Things have been different in the UK. Over the past five years its mega companies have been a bit droopy, due in the main to their old-fashioned value bias (Shell, BHP and BP all feature in the top 10 in the FTSE 100). So active managers that have not held them — but held, say, mid caps instead — have easily outperformed. According to AJ Bell, 85 per cent have beaten the average tracker over the past 10 years. That’s why advisers often tell investors to go passive in the US and active in the UK. Good advice.
Or at least it was good advice. Something might have changed. Look at the past few months. So far this year 60 per cent of active fund managers have outperformed in the US. Last month, 70 per cent did.

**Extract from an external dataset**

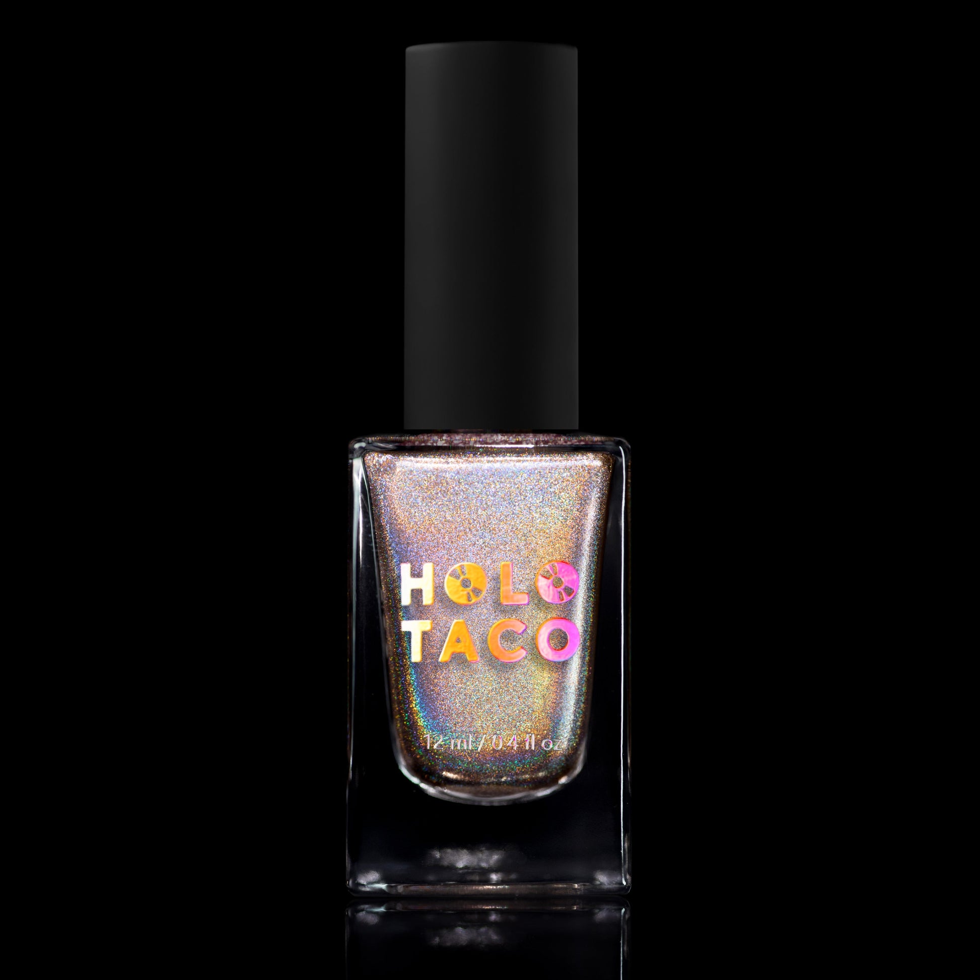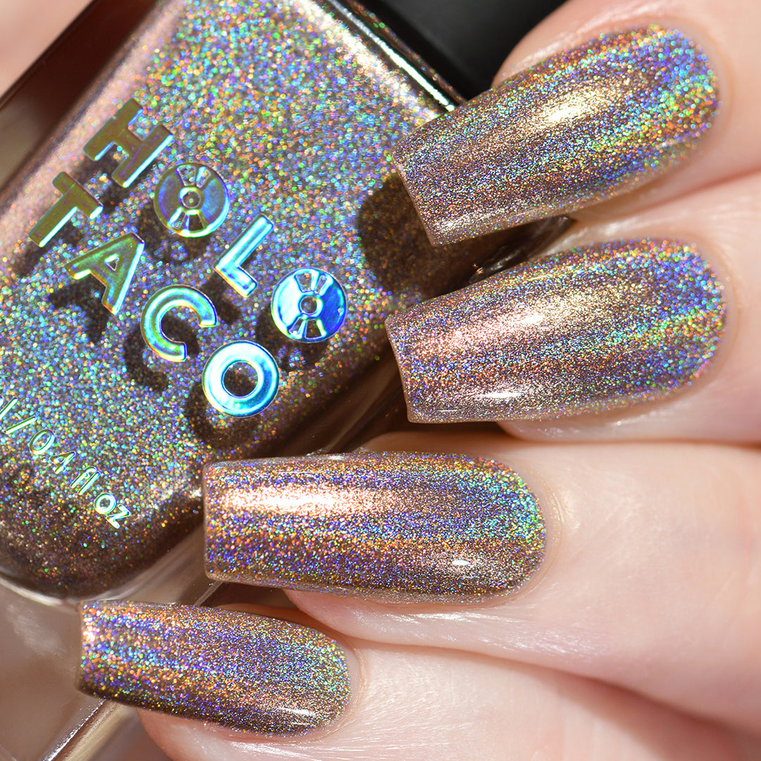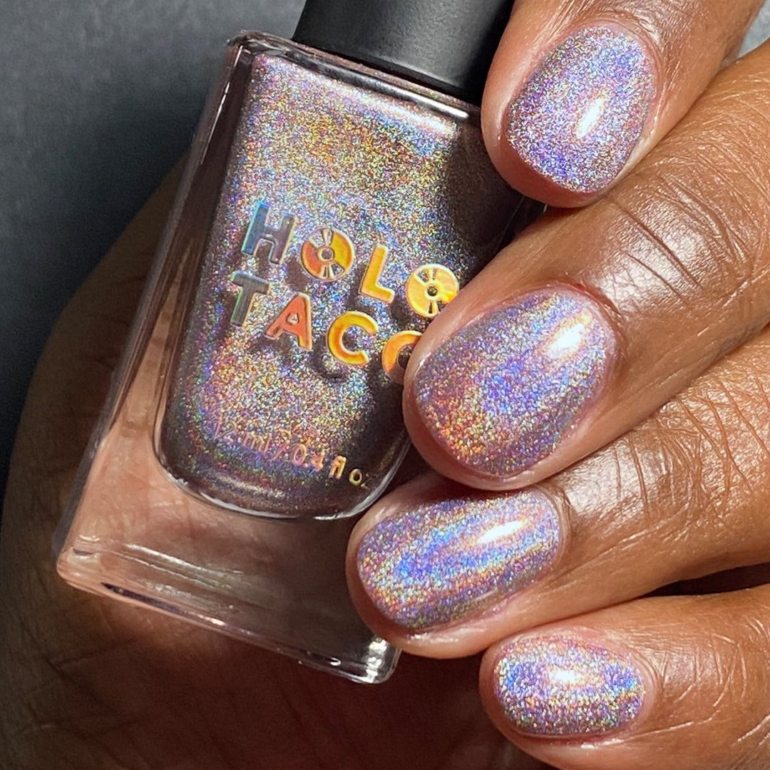 - Note: Holographic nail polish shows best under direct sunlight, halogen bulbs, or just your phone camera flash! Swatch photos as pictured have one coat of Glossy Taco for optimal smoothness and shine.

The reason? As the world reopens and inflation is upon us, big tech is no longer outperforming: mid-caps are and so is anything with a value bias. That suggests that on your way to “enough”, you might want to consider a major change to the investing styles within your portfolio.
Go active in the US. If the market is no longer to be led by 10 to 20 huge growth stocks, there will be much more scope for active managers to outperform. And shift a bit more to passive in the UK. If big commodity, financial and pharmaceutical stocks are about to outperform here, there will be less scope for active managers to outperform the index. All change.